Scroll-type fluid compressors are well known in the prior art. U.S. Pat. No. 4,432,708 issued to Hiraga et al discloses an apparatus including two scrolls, each having a circular end plate and a spiral element disposed on each plate. The scrolls are radially offset such that both spiral elements cooperate to make a plurality of contacts between their spiral curved surfaces.
In operation, one of the scrolls is subjected to an orbital motion and the line contacts shift, resulting in a change in the volume of the fluid pockets contained within the scrolls. This change in volume of the fluid pockets is utilized to compress fluids, for example air conditioning fluids needed for operation of the air conditioning system of automobiles.
Prior art compressors such as disclosed in U.S. Pat. No. 4,604,039 to Terauchi and U.S. Pat. No. 4,890,987 to Sato et al include a main drive shaft supported by a main drive shaft bearing. The main drive shaft bearing is comprised of a bearing race and two spaced sets of bearings surrounding the circumference of the main drive shaft. The nose portion of the front cover of the compressor extends around and encloses the outer periphery of the main bearings. A clutch bearing is disposed directly on the outer diameter of the nose portion of the compressor.
The clutch bearing supports the clutch assembly used to induce and control the rotational motion needed to operate the compressor. The compressors disclosed in the Terauchi patent and the Sato et al patent are representative of prior art designs utilizing a dual bearing assembly for rotatably supporting both the main drive shaft and the clutch assembly.
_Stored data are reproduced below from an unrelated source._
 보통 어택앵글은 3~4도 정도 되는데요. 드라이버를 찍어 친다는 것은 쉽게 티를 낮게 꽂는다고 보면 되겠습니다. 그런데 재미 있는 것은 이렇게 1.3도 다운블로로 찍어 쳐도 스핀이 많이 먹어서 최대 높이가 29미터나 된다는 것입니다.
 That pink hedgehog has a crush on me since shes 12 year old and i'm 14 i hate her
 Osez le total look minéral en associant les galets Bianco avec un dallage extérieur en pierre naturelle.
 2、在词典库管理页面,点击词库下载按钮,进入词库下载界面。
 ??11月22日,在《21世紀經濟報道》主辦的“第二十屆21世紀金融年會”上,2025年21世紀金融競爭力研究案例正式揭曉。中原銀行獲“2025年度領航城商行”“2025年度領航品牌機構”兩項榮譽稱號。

Both designs disclose a nose portion located intermediate the clutch bearing and the main drive shaft bearing. It is known in the art that this nose portion is difficult and relatively expensive to machine to rigid dimensional specifications. The precision machining of the nose portion adds expense to the manufacture of the overall compressor.
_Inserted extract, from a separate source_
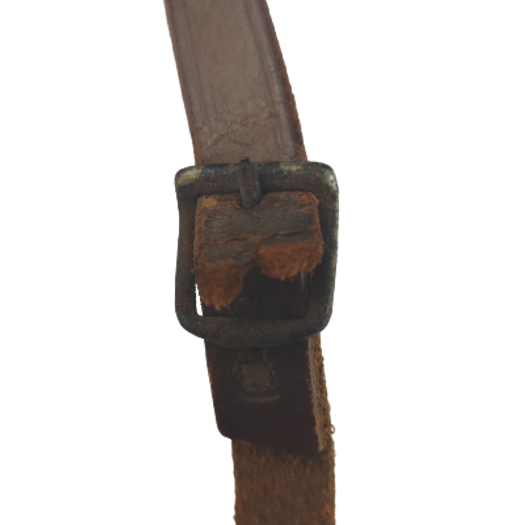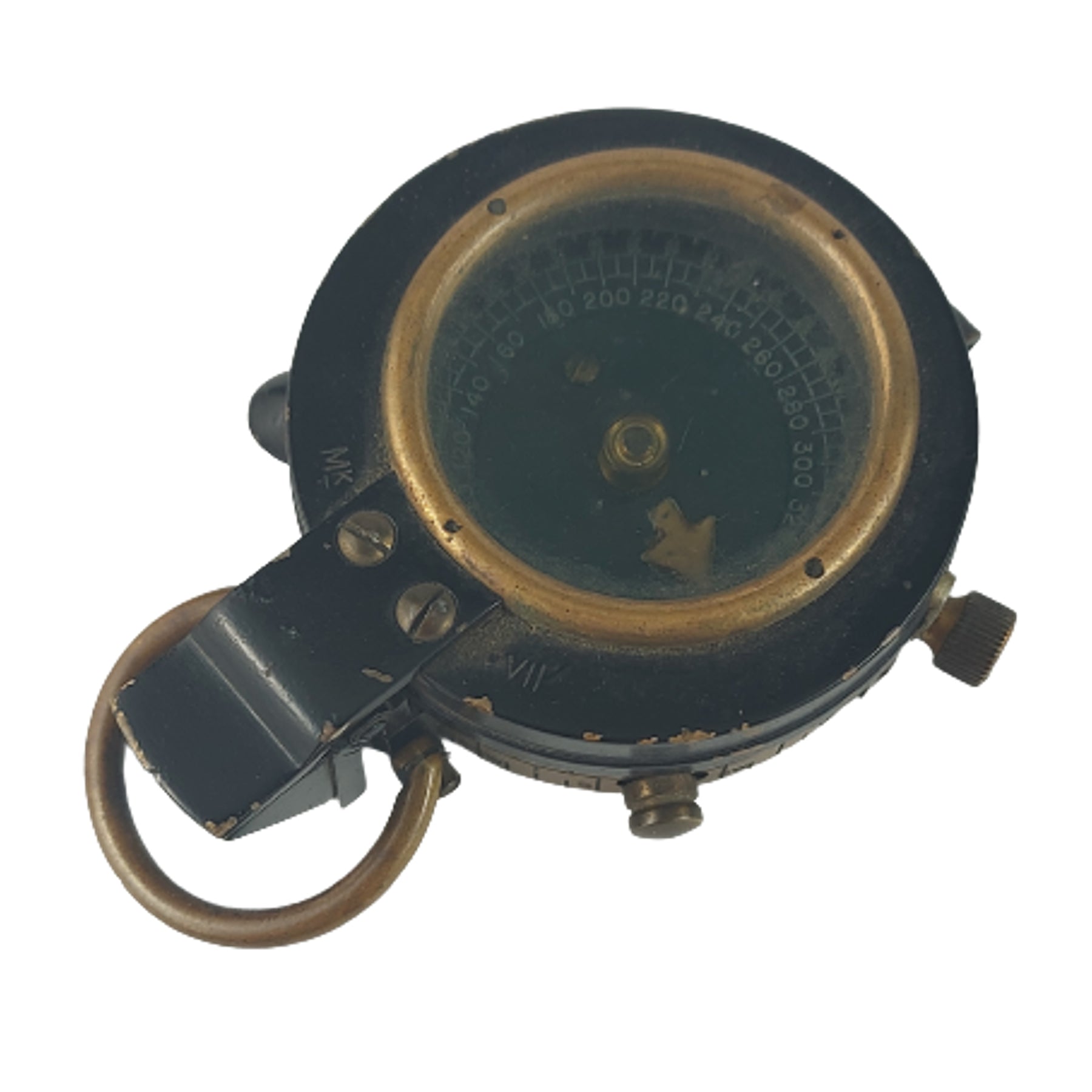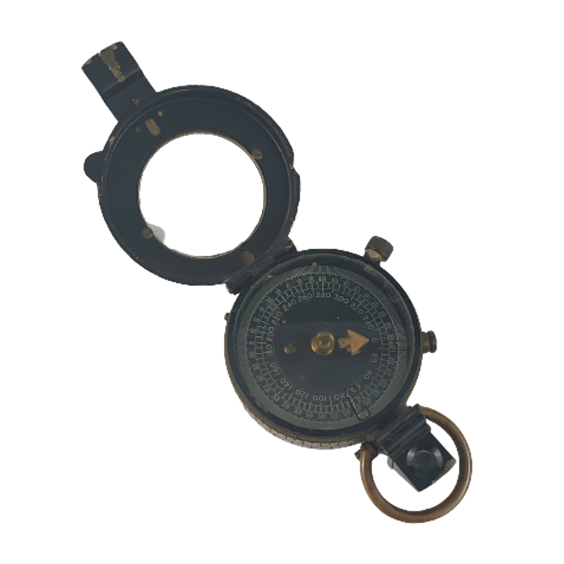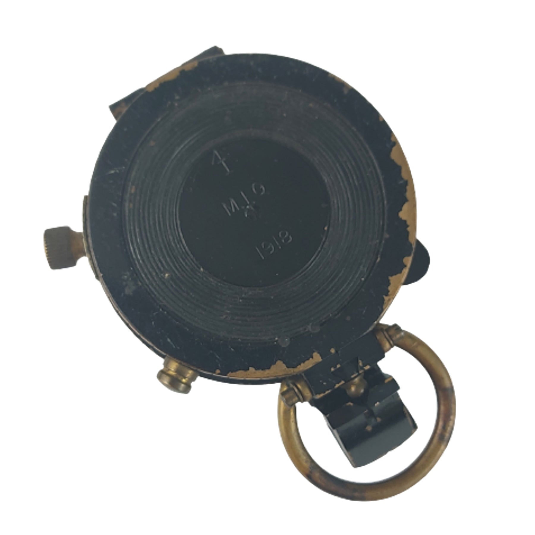 Blackened brass field compass maker marked to the reverse and dated 1918 with a British Broadarrow. Contained in a leather carrier with adjustable strap. British Broadarrow marked to the front of the case. No fluid present to the compass. SKU: 58785

The main drive shaft bearing and outer pulley bearing in combination with the nose portion of the front cover also create an axial "stack up" of dimensional tolerances. This axial "stack-up" is the cumulative addition of dimensional tolerances of adjacent parts. This cumulative addition causes premature failure of the compressor components and drive belts.
The clutch assembly includes a rotor which rests on the clutch bearing and cooperates with an engagement hub assembly to comprise the main clutch assembly components needed for the compressor's operation. In use, when air conditioning is required inside the automobile the clutch assembly is energized by a switch in the passenger compartment. The clutch assembly is energized and an electromagnet in the clutch assembly creates a magnetic field pulling the engagement hub assembly toward the rotor. The engagement hub assembly and rotor engage and induce rotational movement in the main drive shaft. Eccentric mounting of a drive pin on a disc rotor associated with the main drive shaft induces orbital motion in the scroll., When the air conditioning system is not operating, the engagement hub assembly and rotor are not engaged and the rotor rotates independently from the engagement hub assembly.
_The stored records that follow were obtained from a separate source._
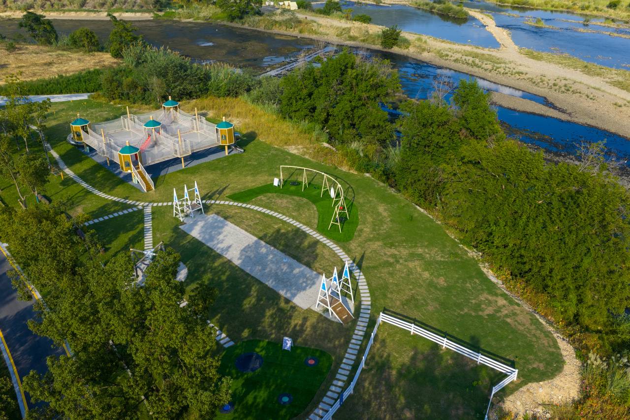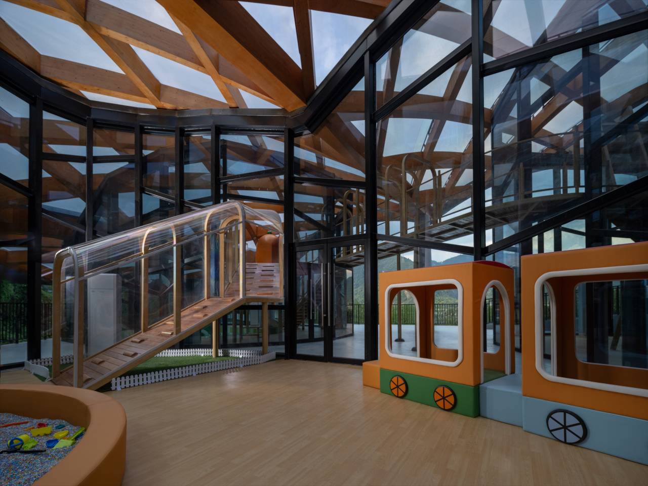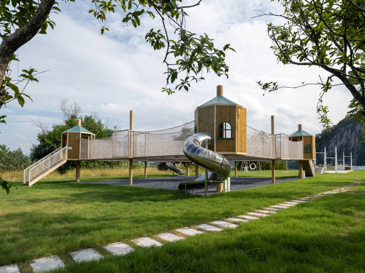 江畔旁的无动力乐园: 酒店特意打造了户外无动力乐园,它不同于喧闹的传统电子乐园。孩子们在此通过攀爬、滑行、跳跃,在纯粹的木质与绳索设施中,依靠自身的力量去探索边界、挑战自我,重新发现最本真的玩耍乐趣,这正是“玩在自然”哲学最生动的体现
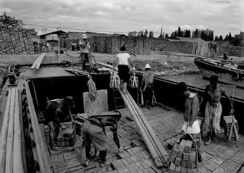 歌曲《碼頭工人歌》:從朝搬到夜,從夜搬到朝,眼睛都迷糊了,骨頭架子都要散了。搬啦搬啦……
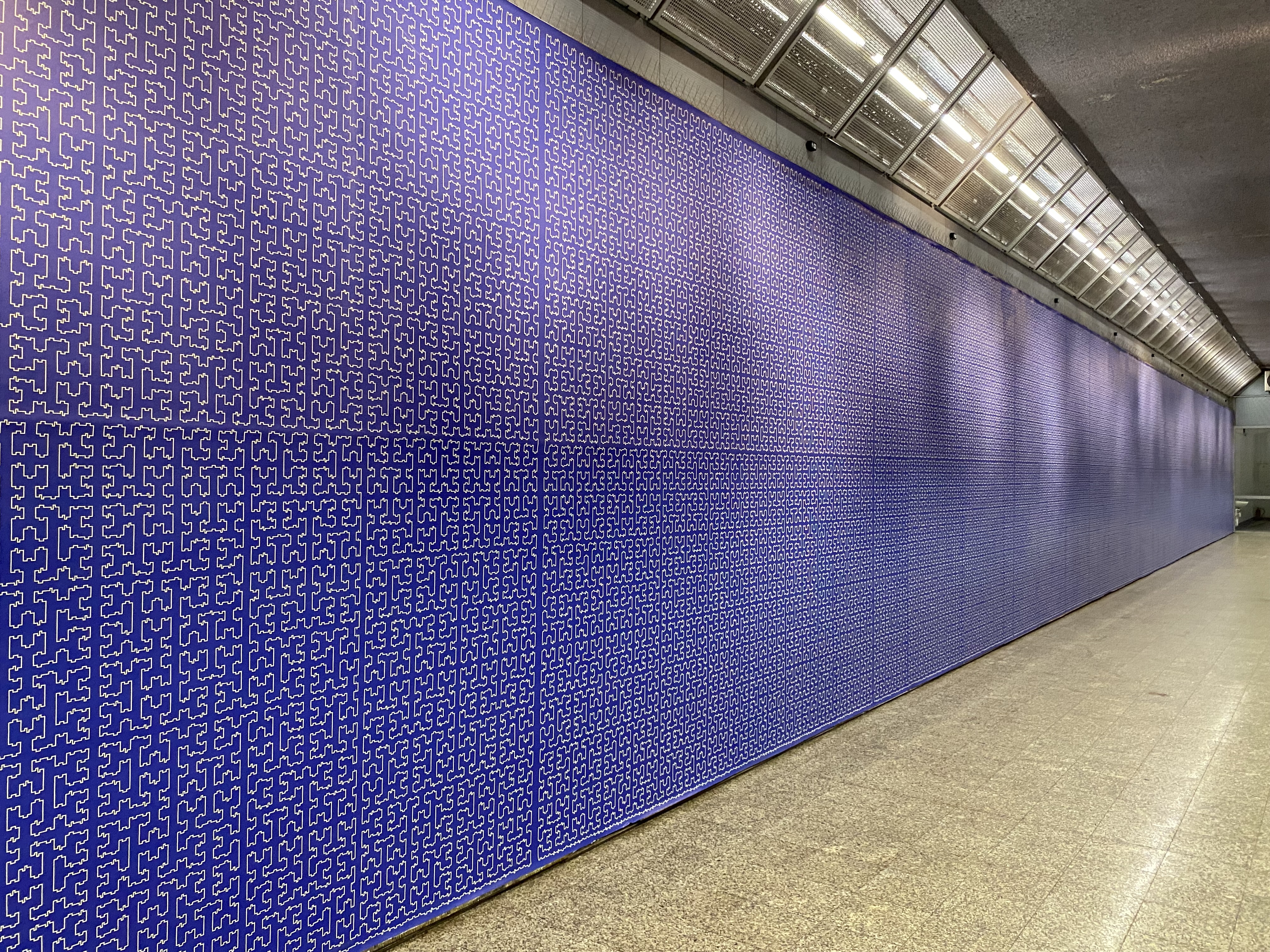 The title sentence is encoded in the form of a meander in 8 languages: Latin, Polish, Ukrainian, English, simplified Chinese, Arabic, Indonesian, Spanish. Pattern base - the so-called L-system named after Aristid Lindenmayer, a Hungarian biologist interested in, among others, mathematical modeling of biological phenomena - was modified with a four-letter code (the genetic code has the same number of characters). The meander is one of the oldest decorative motifs, present in art at least since the Neolithic period, and its mathematical incarnation, strangely enough, finds application in fields as distant as biology, AI and nanotechnology. Meander is therefore a material manifestation of the continuity of thought, a material and immaterial record of information, a hyperobject existing simultaneously in culture and civilization. Special thanks: Prof. Piotr Welk (Academy of Fine Arts in Warsaw) and the Fraunhofer IWU team (Dresden).

Generally, wear occurs between the engagement hub assembly and rotor due to normal operating contact between the engagement hub assembly and rotor. If axial "stack ups" between the main bearing, nose portion and clutch bearing reach a high level, premature wear of the engagement hub assembly, rotor and other compressor components occurs. Axial stack-up also contributes to drive belt misalignment which greatly increases drive belt wear. If axial "stack-up" reaches a critical level, clutch engagement will not occur.
Precise relative positioning of interfacing components is a prerequisite to an acceptable compressor design. Relative parallel positioning or "squareness" as it is sometimes termed is essential for operation of the engagement hub assembly and rotor in the clutch assembly. Axial tolerance "stack up" alters the desired positional relationships and may cause premature wear because of contact between misaligned components. Specifically, any misalignment of the engagement hub assembly and rotor forces one portion of the engagement hub assembly to contact the rotor before the other portion, creating premature wear areas that lead to component failure. This condition decreases the overall life of the engagement hub assembly and rotor and consequently the overall life of the air conditioning compressor in general. Misalignment of the engagement hub assembly and rotor also heightens noise levels and vibration created by the clutch assembly during engagement.
The bearing assembly disclosed in U.S. Pat. No. 4,673,340 to Mabe et al patent depicts a main drive shaft bearing utilizing only one bearing assembly. The pulley bearing disclosed is similar to those disclosed in the Sato et al patent and the Terauchi patent. Again, a machined nose portion extends between the main drive shaft bearing and the pulley bearing. U.S. Pat. No. 4,432,708 to Hiraga et al discussed above discloses yet a third type of bearing assembly. A first bearing is used to support the main drive shaft. This bearing is located on an oversized journal disposed adjacent, but not between, the outer pulley bearing. The design of the nose portion requires machining of both inner and outer dimensions to fit and support the bearing assembly in operation.